A Personal Exodus, Overcoming Our Spiritual Limitations

adapted from an essay by Rabbi H. Pekkar

In Hebrew, the word for Egypt, Mitzrayim, means “limitations.” “Going out of Egypt” does not only refer to the exodus of the Israelites from their slavery in Egypt. It also means that each person, Jew or Gentile, can overcome those things in his life which he sees as limitations on his ability to properly serve God according to His Will, i.e., according to the Torah-true faith, which in essence is higher than intellect.

Self-imposed limitations are caused by the limited or incorrect perspectives in a person’s own intellect and emotions. One should strive to go out from the unfounded limitations he has submitted himself to. A first step in this process is to realize that if he tries properly he WILL be able to see Divine Providence in his life. This will strengthen his faith that creation really is altogether subject to God’s Will, so no outside influence really has the power to stand in the way of a Gentile’s personal observance of the Noahide Code.

One can obtain the strength for this by “going out of Egypt” (his own self-imposed limitations), by taking a lesson from the symbolism of matzah (unleavened bread, which is baked before the dough has time to rise), maror (bitter herbs), and wine.

Matzah represents humility, and maror represents bitterness. When a person thinks about God and he reminds himself of God’s miracles, he should visualize them in his mind’s eye (for example, God’s splitting of the sea for the Jewish people during their exodus from slavery in Egypt/Mitzrayim).
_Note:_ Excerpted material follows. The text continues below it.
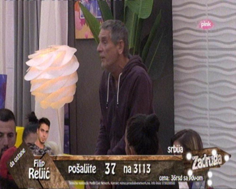 Dok je Tomović vikao na zadrugare, sve vreme je udarao šakom o sto kao da udara nekog, pa je tako zakačio i flašu, koja je poletela.

This will bring him to humility and awe before God, because he sees that everything in the world and within himself is from God’s power, and not from his own or any other power. This leads one to realize the bitterness of one’s own spiritual errors, and the bitterness of the continuing concealment of the Shechinah (God’s Divine Presence) in the spiritual darkness that dominates the world until Moshiach comes.

When a person internalizes these two realizations (the humility and the bitterness), then he becomes able to wholeheartedly and joyfully receive God’s word from the Torah, without personal agendas or prejudice. He then realizes that following God’s Will (i.e. the Noahide Code for all Gentiles) is the very best thing that a Gentile can do for himself and his family, and he makes a commitment to do this with a joyful heart. This internal joy is connected with the concept of wine, the fruit of the vine, which is a symbol of rejoicing. The fact that a libation of wine accompanied the offerings to God in the Holy Temple reminds us that our experience of joy can be redirected away from the false joy of indulging in mundane pleasures, to true joy in serving God.

May the humility, awe, and joy experienced in directing our personal lives to God bring us to eagerly anticipate the imminent arrival of Elijah the prophet, whose mission is to “turn the hearts of the fathers to the children, and the hearts of the children to the fathers” [Malachi 3:23-24], and to prepare the world for the true and complete redemption through Moshiach (the Messiah, descended from the royal house of King David). Therefore Rambam summarizes the essence of Elijah’s mission as “he will come solely to establish peace” (Laws of Kings, chapter 12).